◆ Exercise aim: All lines in the records below from the line with "The EUR/USD pair" through the line with "مفرش صيفي فاخر" are to be given again exactly, both ends included; the pictures are to be left out.
Information supplied START
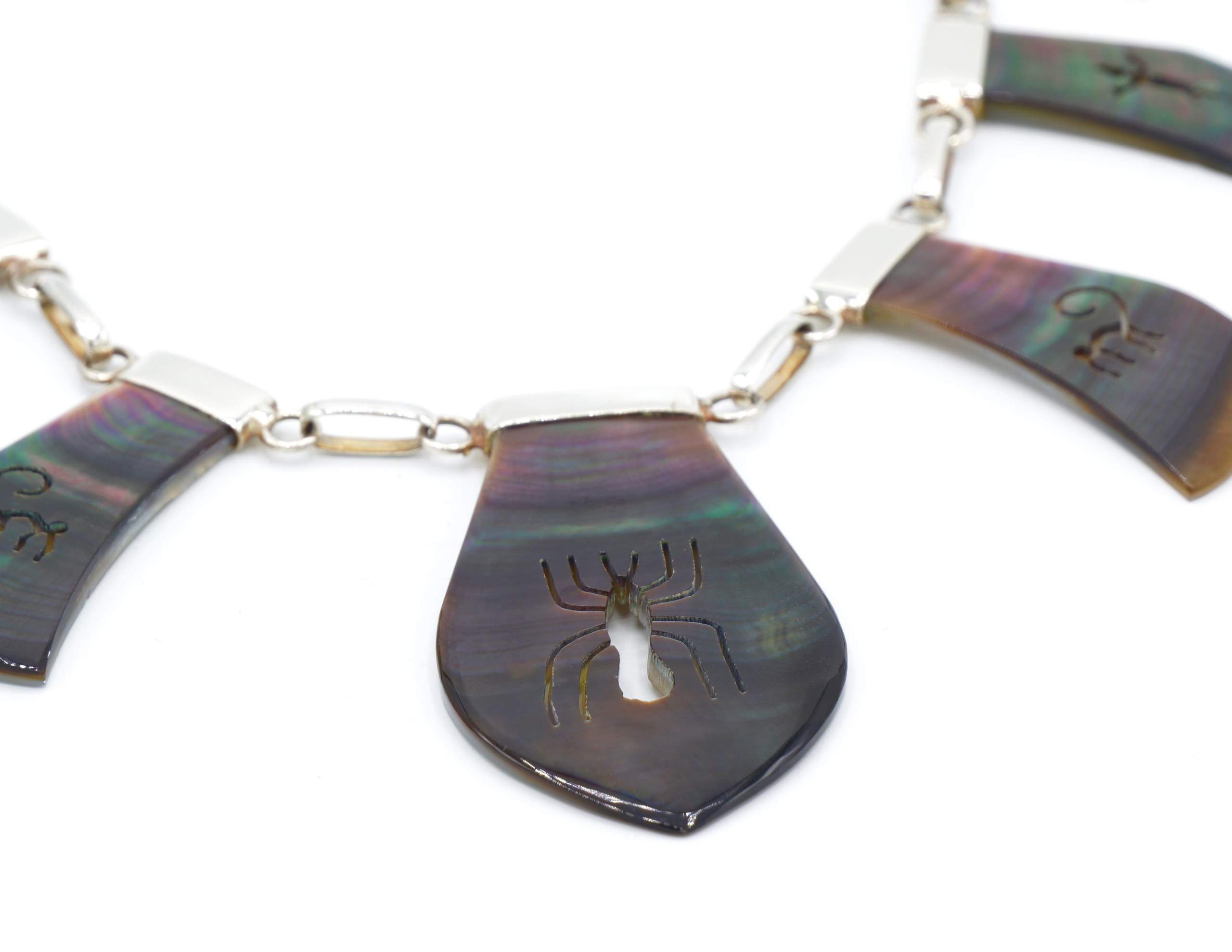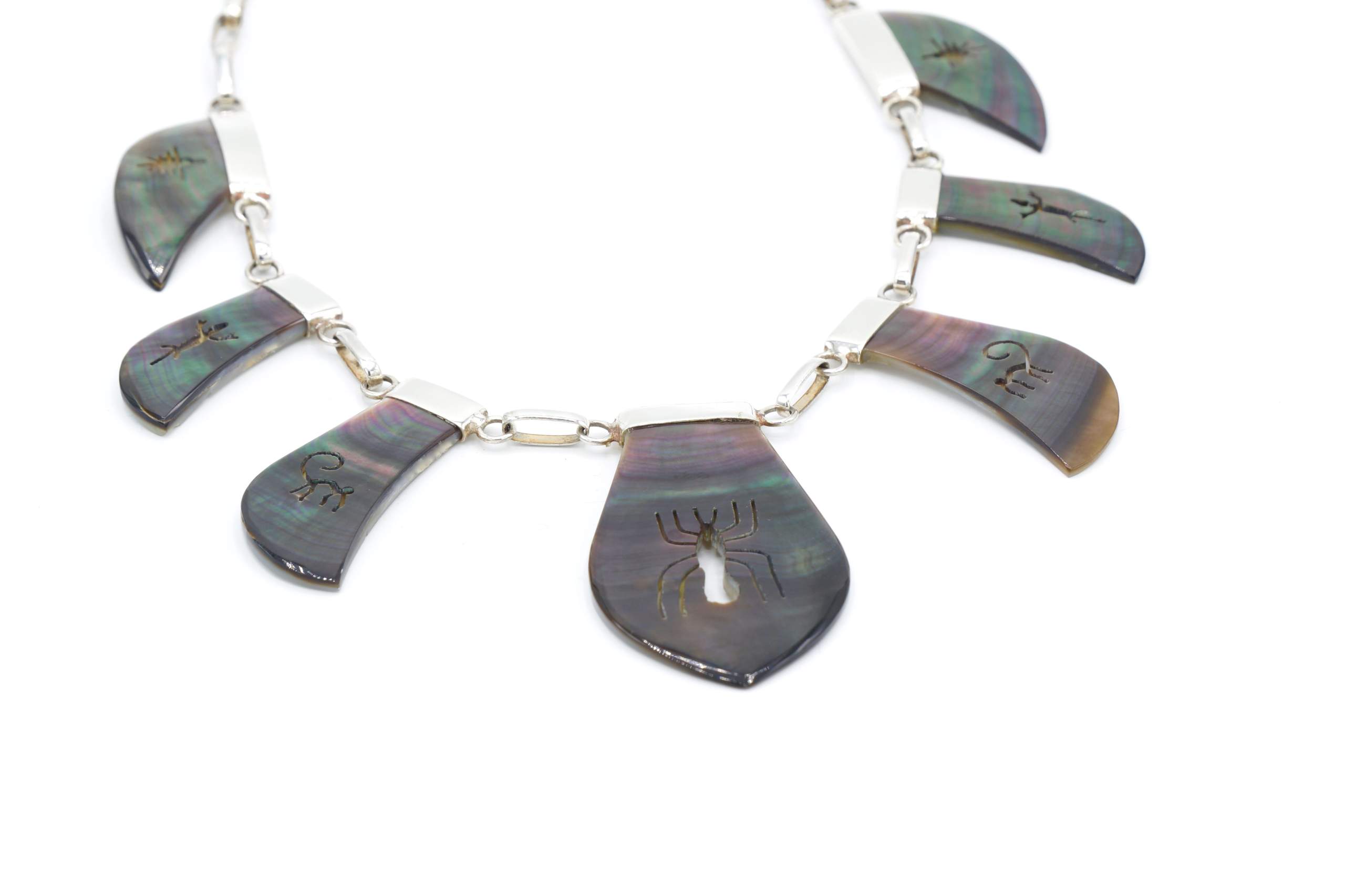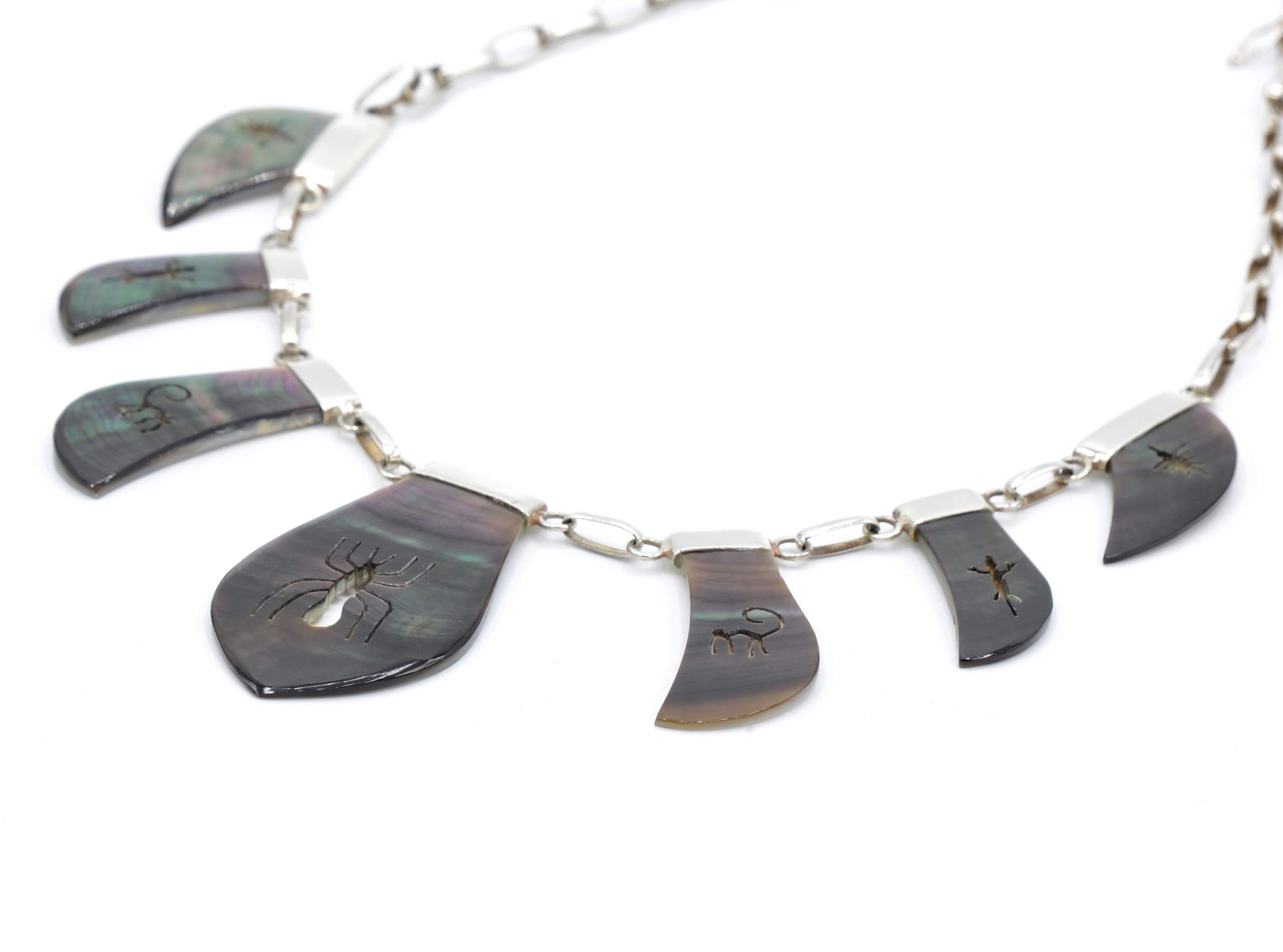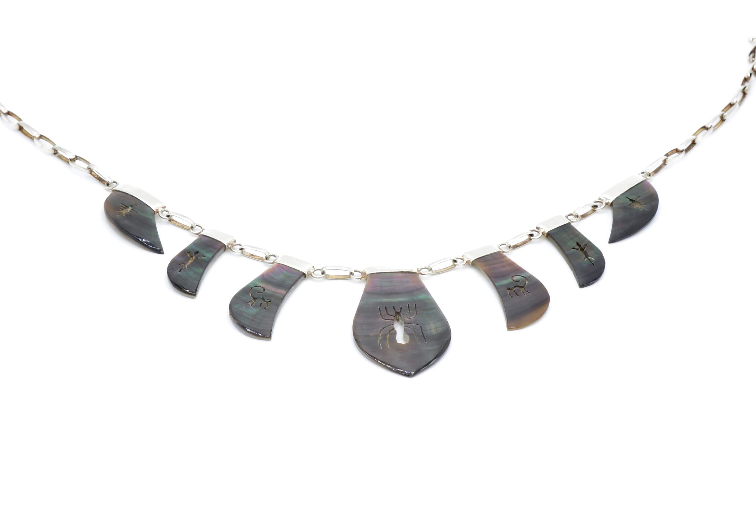 - Fijn gesneden organische grijs parelmoer met ingesneden Nazca geogliefen
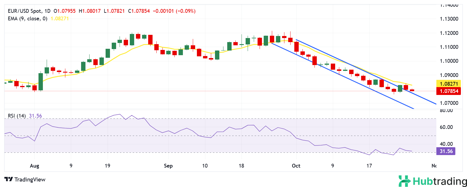 The EUR/USD pair has edged lower for the second consecutive day, currently trading around 1.0780 during the Asian session on Monday. An examination of the daily chart reveals that the pair is testing the upper boundary in an effort to re-enter the descending channel pattern, which could reinforce a bearish sentiment for the pair.
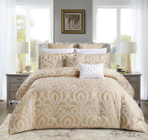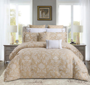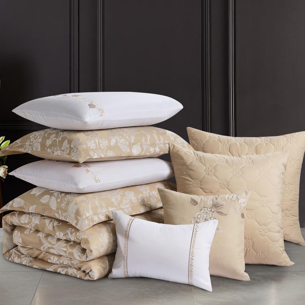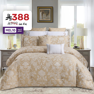 مفرش صيفي فاخر مزدوج جاكار مطرز 12 قطعة – كاسيانا - لون بيج فاتح
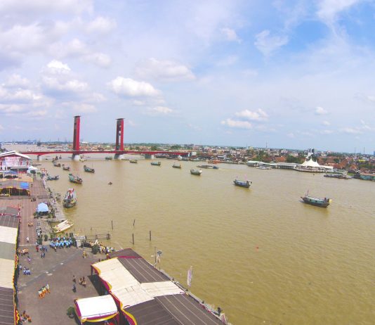 Riak-riak Sungai Batanghari membawa perahu kecil bergerak ke tepian Kota Jambi, mengantarkan penumpang ke dermaga yang terletak di kaki menara tertinggi di kota ini....
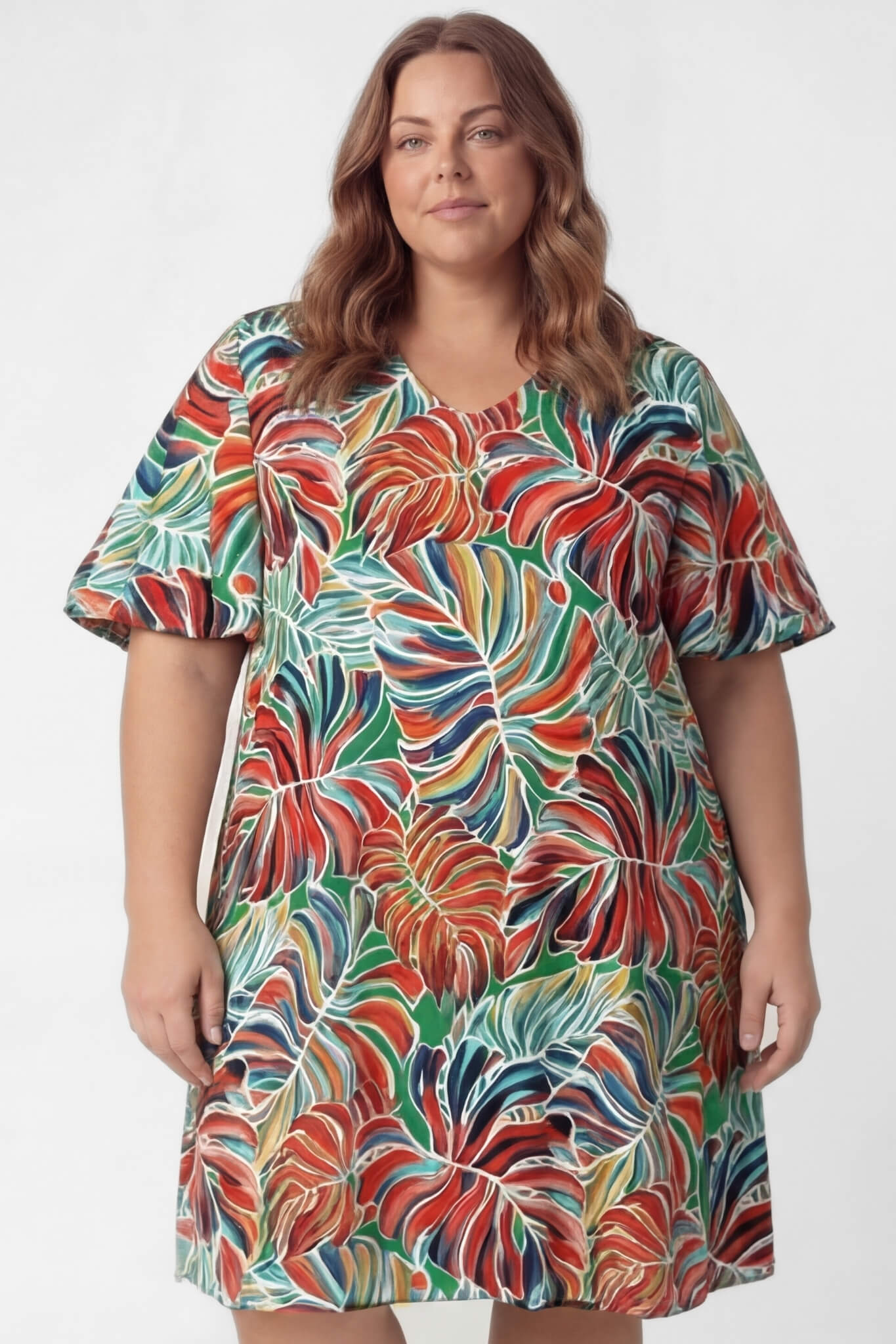 PRE-ORDER | Jurk Karin 110cm | Vlindermouw | Monstera Flow | Travelstof Venezia
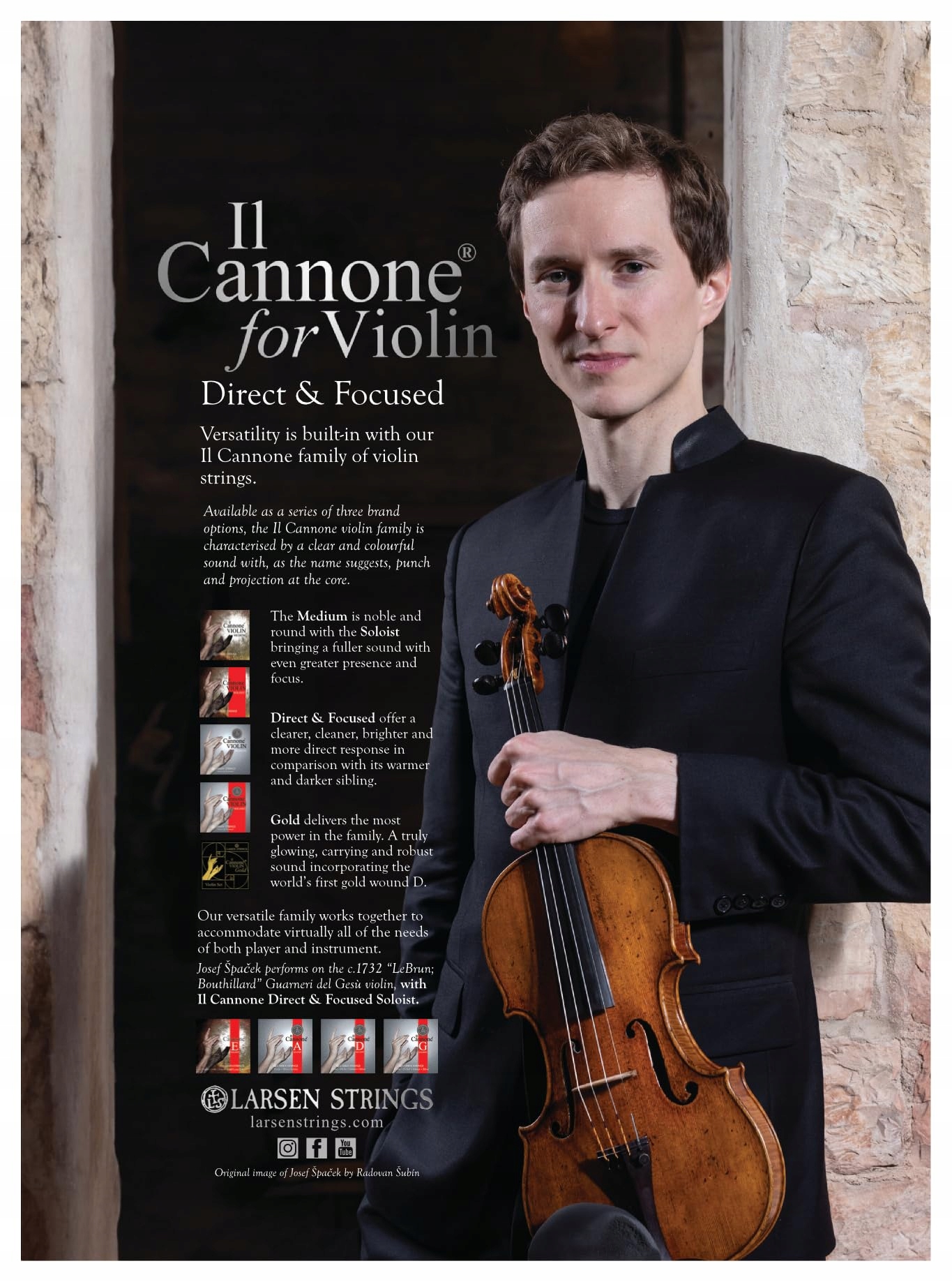 Larsen violin strings Il CANNONE set medium Direct&Focused - Tensions: Medium 22,6 kg/49.20 lbs Soloist 24.5 kg/53.9 lbs
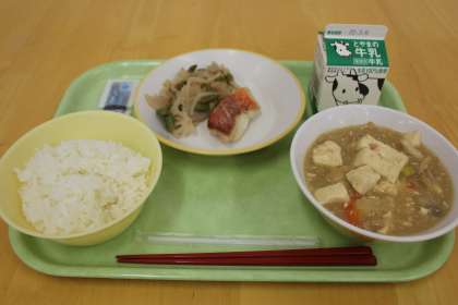 今日の献立は、ご飯、赤魚の塩焼き、れんこんのきんぴら、豆腐と野菜のうま煮、のり佃煮(小袋)、牛乳です。
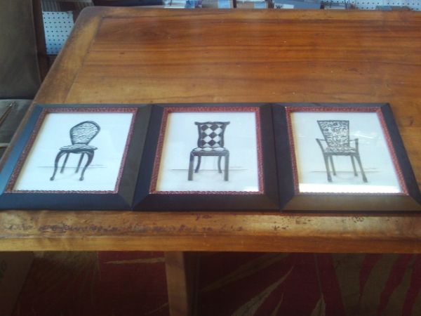 SET OF THREE - Black & White Chair Pictures - 11'' x 13''H.
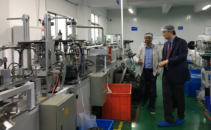 首先,裴教授参观了城市所全尺寸烟气脱硝催化剂活性检测装置、大气环境综合观测站、中科贝思达的口罩生产线以及大气卓越中心相关实验室。裴教授在对城市所大气环境相关科研进展给予高度评价的同时,也表达了希望与相关研究团队展开相关合作的意愿。
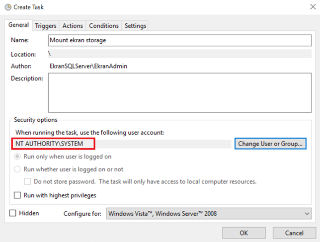 11. Click OK to go back to the Create Task window, and on the General tab, check that the selected user account is displayed in the Security options section.
Information supplied END
◆ Written solution:
 The EUR/USD pair has edged lower for the second consecutive day, currently trading around 1.0780 during the Asian session on Monday. An examination of the daily chart reveals that the pair is testing the upper boundary in an effort to re-enter the descending channel pattern, which could reinforce a bearish sentiment for the pair.
 مفرش صيفي فاخر مزدوج جاكار مطرز 12 قطعة – كاسيانا - لون بيج فاتح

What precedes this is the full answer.